There are free R based solutions which attempt to do the same thing but if you have supporting variables or if you have data that has parameters or error variance that changes over time you might need to upgrade.

The general solution (Intervention Detection ) requires combining both appropriate memory (ARIMA) and any needed trend/level changes in an artful way that doesn't assume that you treat memory first.

If you wish to post some of your real data I will try and demonstrate this to you.

EDITED: After receipt of data

Your data suggested an ARIMA model of the form [ . The residuals from this model suggested three anomalies with period 41 being overwhelmingly dominant . Upon incorporating these three pulses the "new residuals" from this augmented model suggest a possible non-constant error process which is another assumption of the changepoint software recommended by @Aduniac. The results of the test are shown here and here . This test was developed by Tsay in 1988 http://onlinelibrary.wiley.com/doi/10.1002/for.3980070102/abstract but has largely been ignored by software developers ( but not all ! ). The final model is here .
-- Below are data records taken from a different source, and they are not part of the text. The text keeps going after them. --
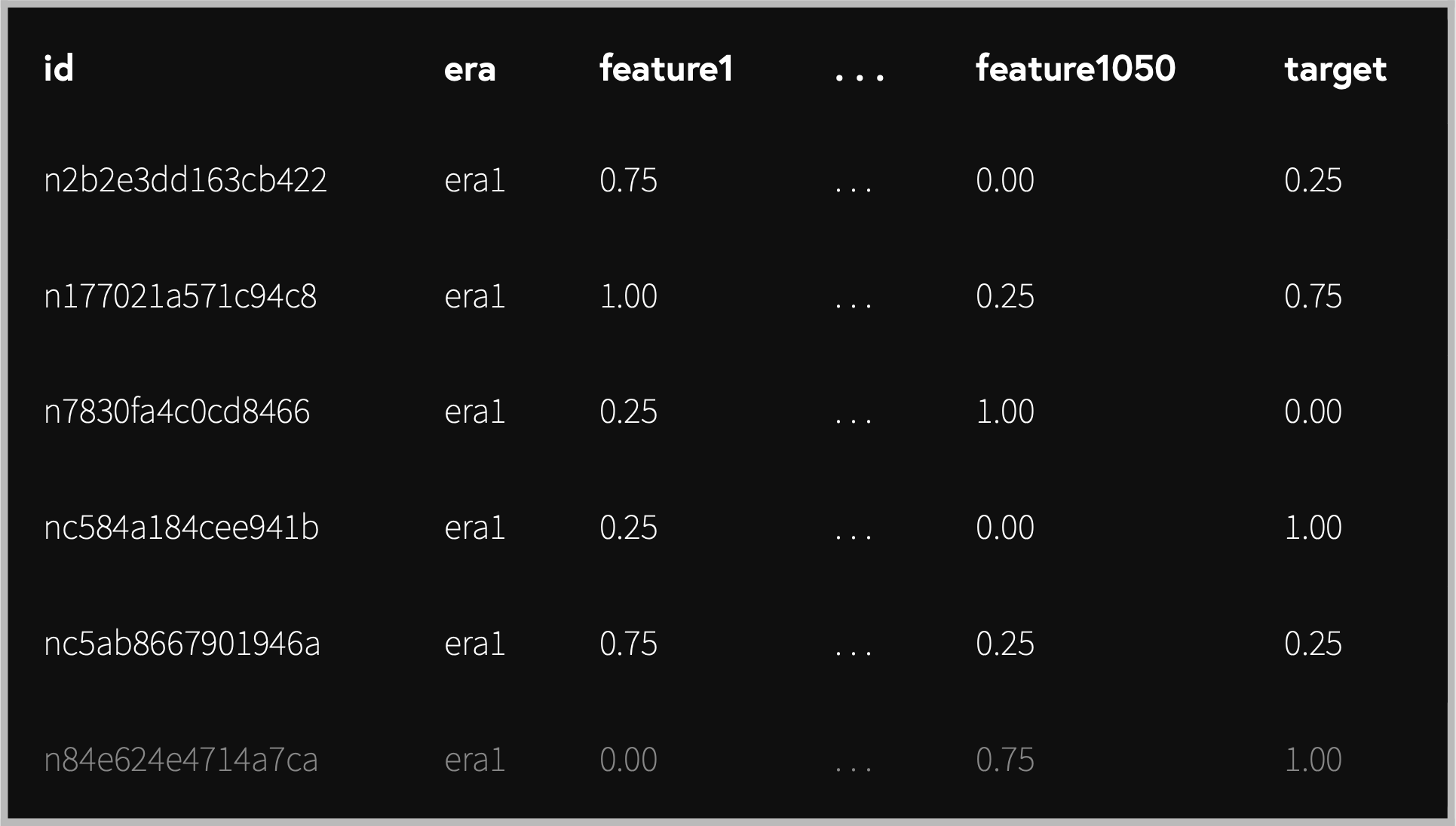 Each id corresponds to a stock at a specific time era. The features describe the various quantitative attributes of the stock at the time. The target represents an abstract measure of performance a fixed number of weeks into the future
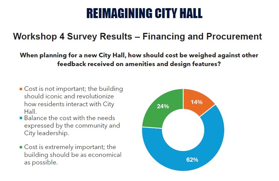 The workshop results are telling. When asked about cost priorities, only 14% of respondents said cost was not important and that the building should be iconic. A clear majority, 62%, said costs should be balanced with community needs and City leadership priorities. Another 24% said cost was extremely important and that the building should be as economical as possible.
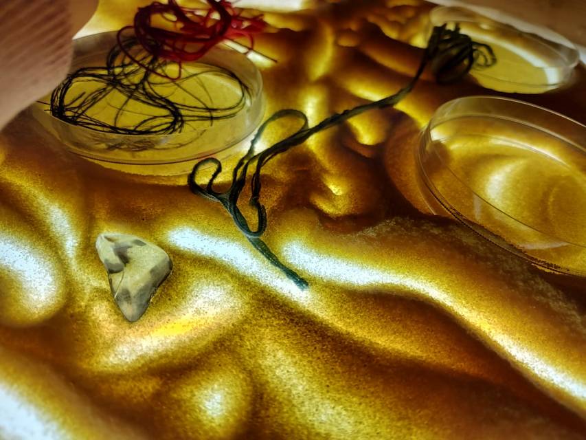 Sabbia dorata illuminata dal basso. I bambini disegnano con le dita, poi dispongono fili di lana colorata sulla sabbia. Creano, cancellano, ricreano. Niente da salvare, solo processo. Molto meditativo.
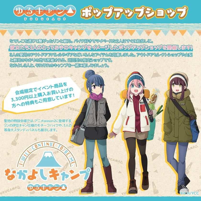大人気アニメ『ゆるキャン△』のポップアップショップ開催決定! なでしこ、リン、綾乃の「なかよしキャンプ」がテーマ!
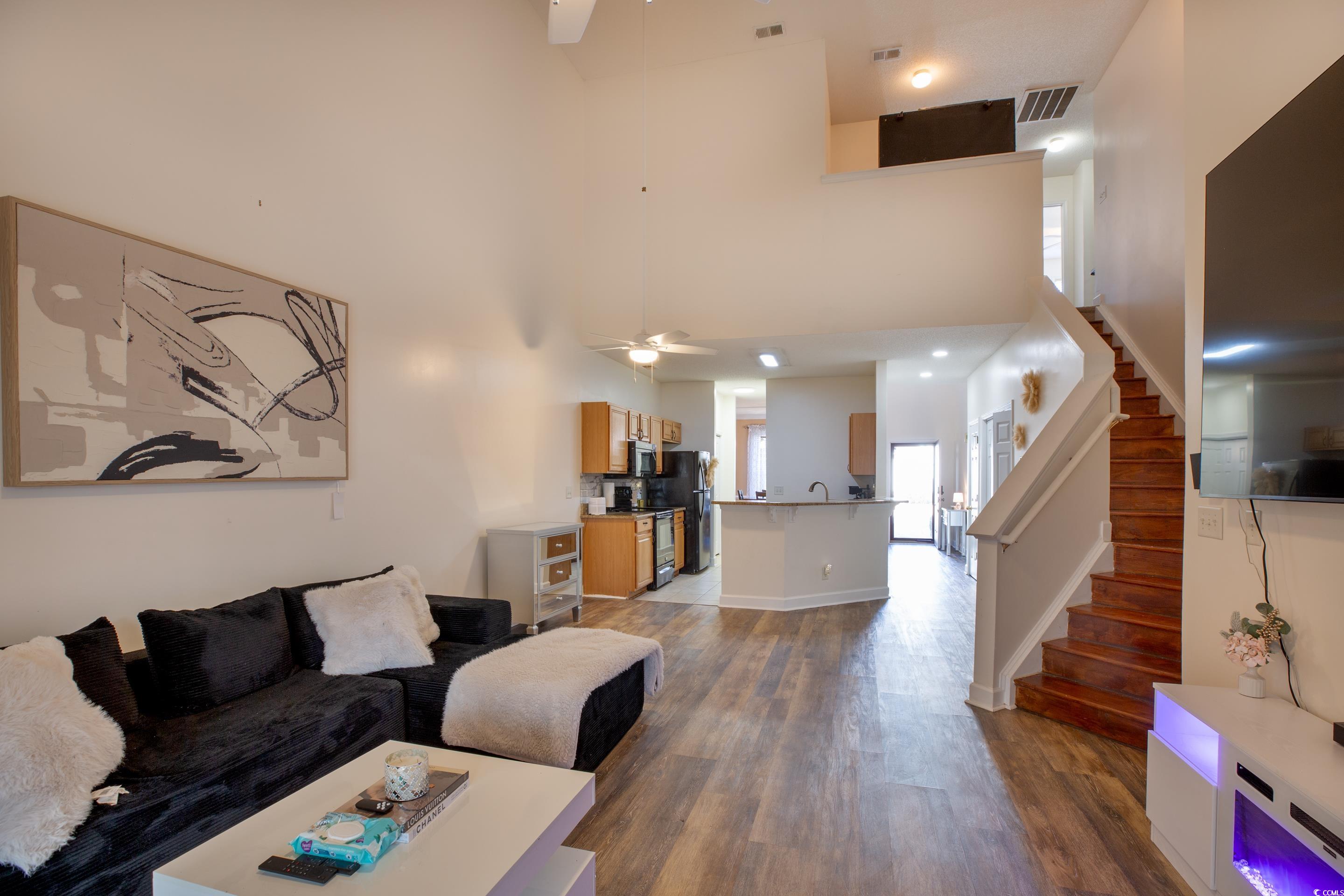 This incredible master down floorplan on the golf course in famous Barefoot Landing boasts 4 bedrooms, 1 non-conforming due to no closet, features a carolina room, 2 story foyer, formal dining room, powder room, large upgraded kitchen with granite and huge great room with vaulted soaring ceiling. Large master suite with vaulted ceiling, lg walk in closet, glamour bath with tiled floor, walk in shower and linen closet. All rooms have ceiling fans. Kitchen features include tiled backsplash, pantry, smooth top stove, and stylish inset sink. bedroom 3 has walki-n closet. LVP flooring installed in 2022. All neutral colors, 2" blinds and finished garage. Barefoot Beach Cabana and Harbour front pool included in HOA!
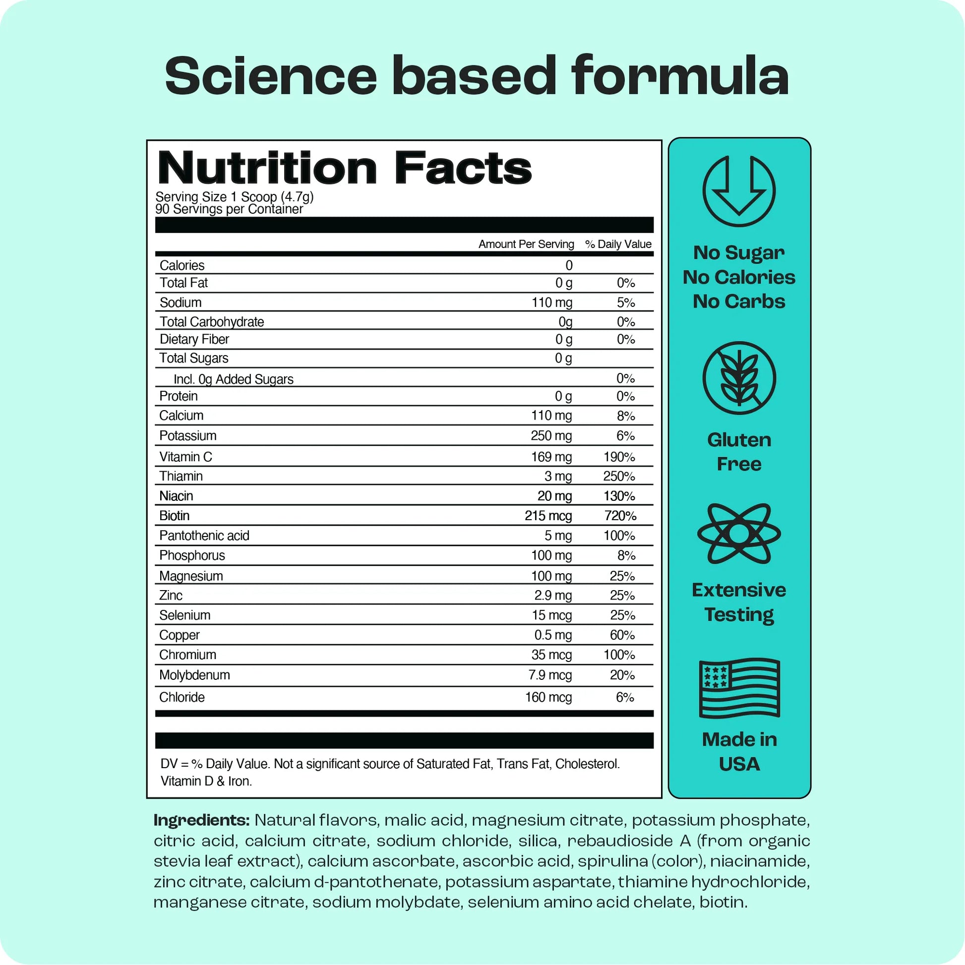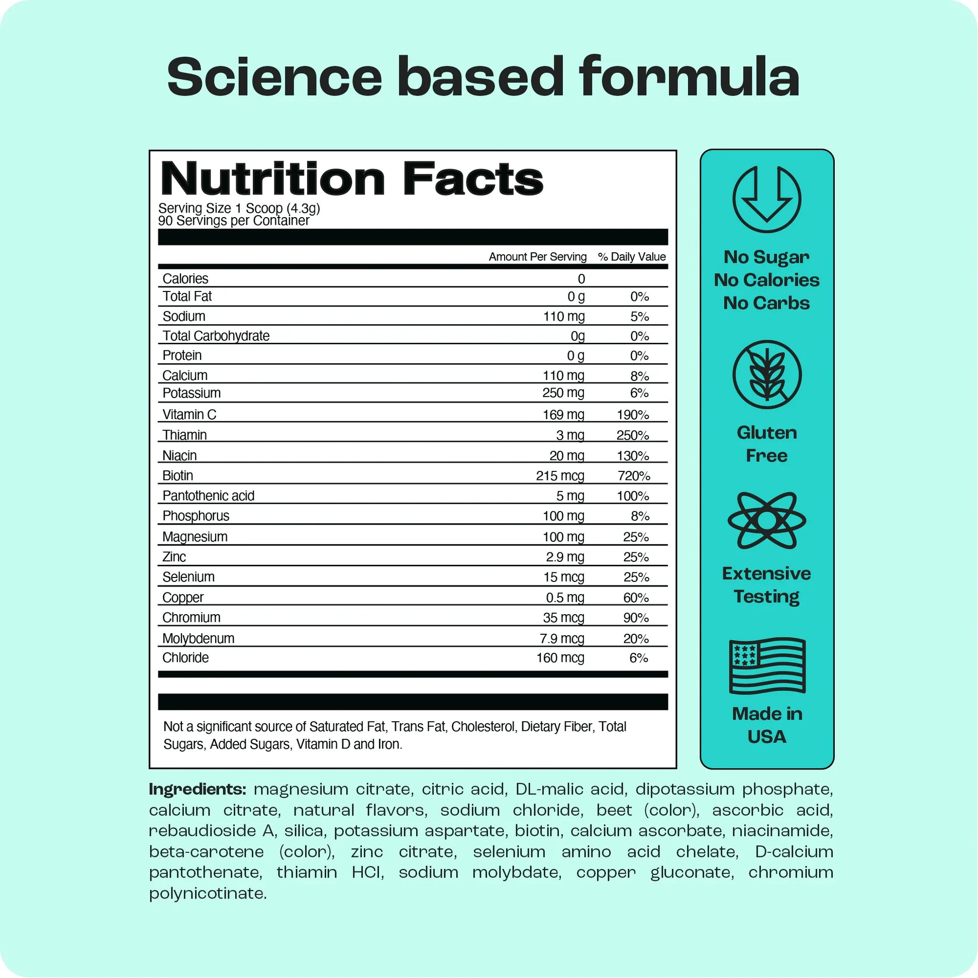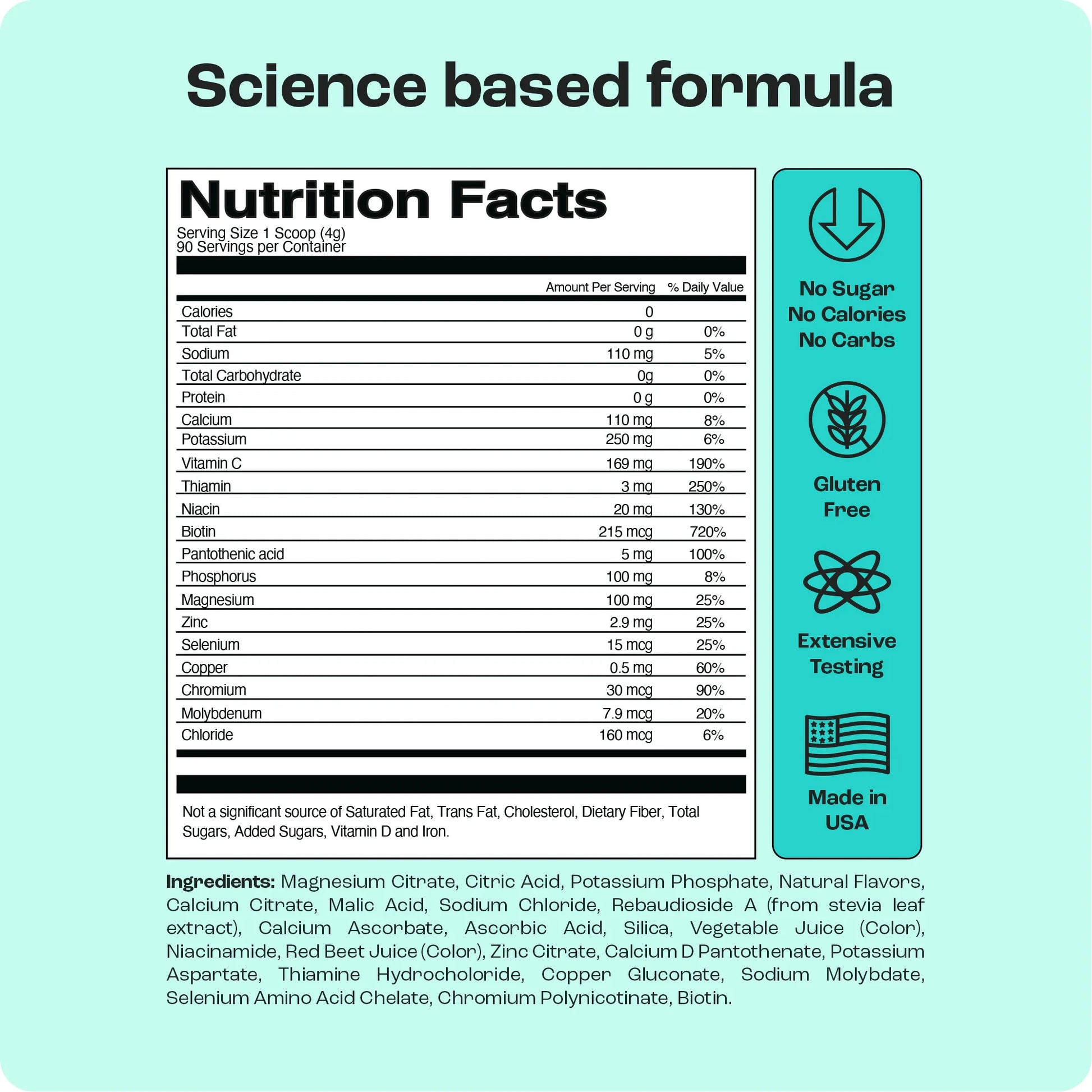 - Electrolytes You Can Trust - Hydrate your body, regulate nerve & muscle function and rebuild damaged muscle tissue with 6 key electrolytes: Magnesium, Potassium, Calcium & more. Enriched with 12 additional vitamins, this electrolyte mix drink is free from artificial colors and sweeteners.

In summary if your data looks like this then perhaps simple tools like changepoint might be sufficient. On the other hand if your data exhibits more complex structure than white noise you should stay way clear of simple approaches as they can often mislead. Somebody ( Einstein, Tukey or Box) once opined "Make things as complex as needed but not too complex". Hope this helps.

Answer 3

My advice is to construct a model which describes how the world works, including how the world affects sensors, and then use that model to infer the world state from sensor observations. It doesn't have to be grandiose: your world comprises just some objects. But you do have to think about how the objects come and go and how the sensor reacts to them. Is it possible that the objects can sometimes move slowly relative to the sensor reading interval? Is it possible that orientation of objects changes the sensor reading? Is is possible that objects can be different sizes? Does the sensor have any physical persistence, i.e. does the reading now depend on the reading 1 second ago? What kind of reading do you get when the sensor is malfunctioning? Etc etc.

When you go through this exercise, you will come up with an inferential method which is exactly suited to your problem in the sense that it takes all of the assumptions you have identified into account. You might have to cut some corners and make simplifying assumptions in some cases. That's OK, do whatever you need to do, but at least you know where and how your model diverges from reality.